Corresponds to PAL-related packets; the PAL packet structure has a complex data structure. The implementation here is based on the EASTL container.

* `_vect_pal_sensors` : pool of `_pal_sensor` objects. This object is a dedicated class for use with instusive map.
* `_map_pal_sensors` : intrusive map structure for efficient retrieval of sensor data.

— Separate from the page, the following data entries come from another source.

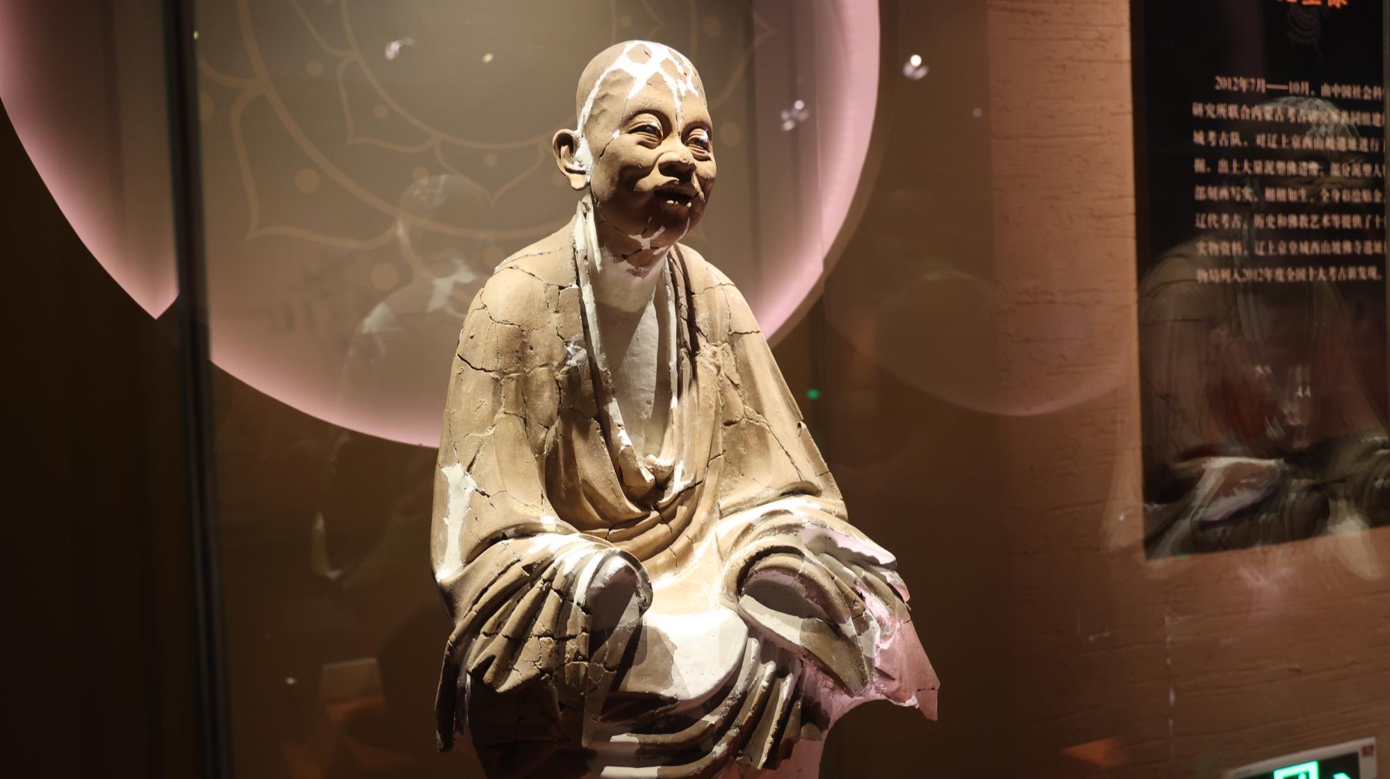 “除了南塔上的石雕,来到我们博物馆还一定要看2012年辽上京考古队从西山坡佛寺遗址发掘的一批辽代彩绘泥塑罗汉像。”辽上京博物馆讲解员吴迪指着一组独立展柜的泥塑像介绍道,“你看这些罗汉塑像是模仿真人形象,具有世俗的审美取向。它们以高度写实主义风格突破了传统佛教造像程式化桎梏,印证了辽金时期佛教艺术的世俗化转向与民族融合特质,为研究辽代艺术史和宗教史提供了重要的实物资料。”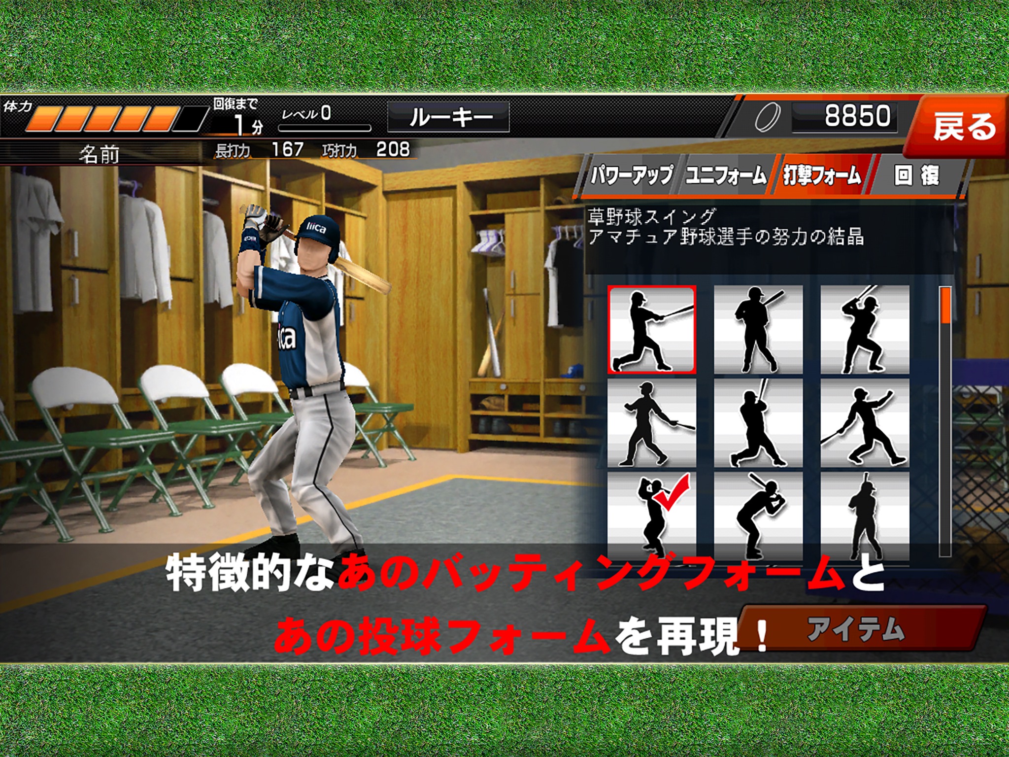 ●アイテムを装備すると長打力(飛距離が伸びる)、
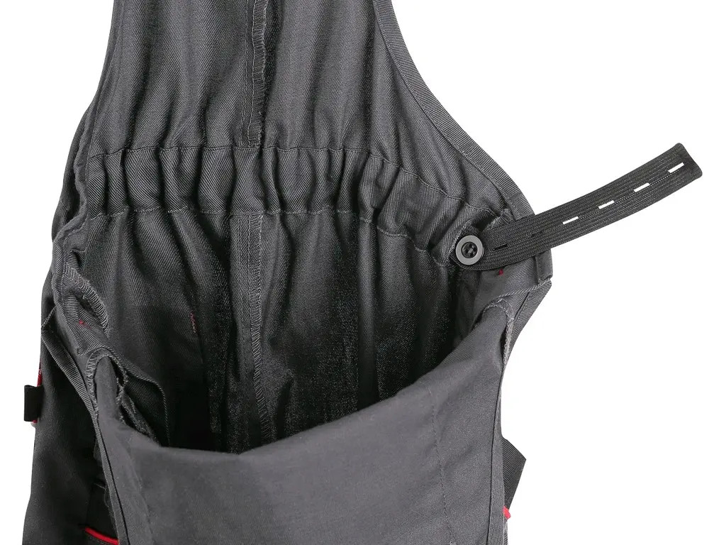 Dětské kalhoty s náprsenkou, z lehkého materiálu, náprsní kapsa na zip, boční zapínání na knoflíky, v zadní části guma s knoflíkem pro přizpůsobení velikosti, přední klínové kapsy, zadní jednoduchá kapsa, zesílená kolena, šle vzadu do gumy, reflexní doplňky.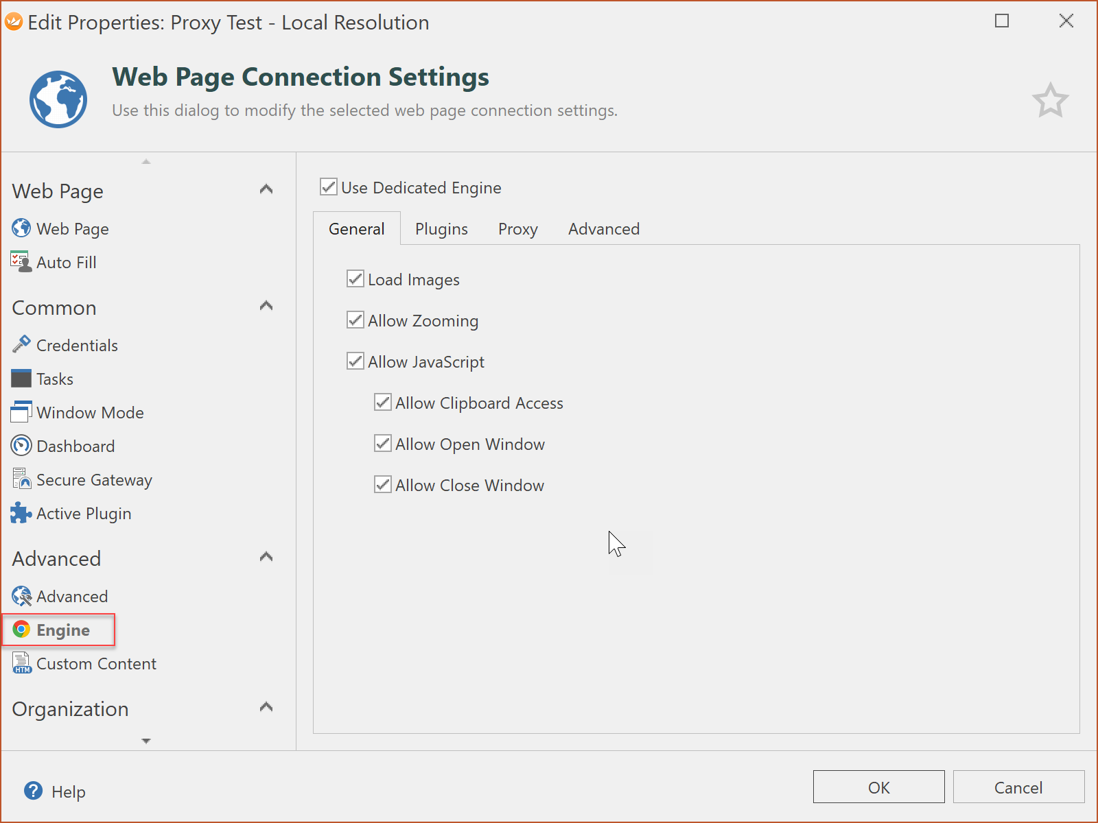 Check the “Use Dedicated Engine” to let Royal TS create a dedicated/isolated engine for the web page connection tab. You may now ask yourself, what do I gain from having a dedicated engine?

Allocate an entry in `_vect_pal_sensors` for each of the multiple data in a packet as they are added and store the value. Once all the data in a packet has been interpreted, a `_map_pal_sensors` is constructed with the sensor type as the key.

## dup\_checker

Implement a duplicate checker. The behavior of the checker can be customized by template arguments.

### template argument

* `MODE` : If `MODE_REJECT_SAME_SEQ` is specified, packets with the same sequence number are excluded. This is used when the packet order is reordering. The `MODE_REJECT_OLDER_SEQ` adopts a more recent number.
* `TIMEOUT_ms` : The interval at which to initialize the duplicate database. If `1000` is specified, data after 1 second will be erased. Packets that were excluded immediately before will be adopted again when the duplicate database is initialized.
* `N_ENTRIES` : The maximum number of elements to be allocated in the data structure.
* `N_BUCKET_HASH` : Maximum number of hash values. Specifies a prime number. It is determined based on the type of wireless node being received.

### container

* `_mmap_entries` : It is an intrusive hash multi-map structure. The search key is the serial number of the wireless node.
* `_vect_pool` : Allocates a fixed number (`N_ENTRIES`) of elements used in the map structure.
* `_ring_vecant_idx` : Keeps track of `_vect_pool` elements not used in `_mmap_entries` by array index number. It is a ring buffer structure, which takes one value from the ring buffer when adding elements and returns a value to the ring buffer when removing elements.

### duplicate check

```cpp
	bool check_dup(uint32_t u32ser, uint16_t u16val, uint32_t u32_timestamp) {
		// find entry by key:u32ser.
		auto r = _mmap_entries.equal_range(u32ser);

        ...
    }
```

To retrieve data from the multimap structure, call `.equal_range()`. The resulting `r` is an iterator that enumerates elements with the same serial number.

Each element (`_dup_checker_entry`) has a timestamp and sequence number. Duplicates are checked according to these values.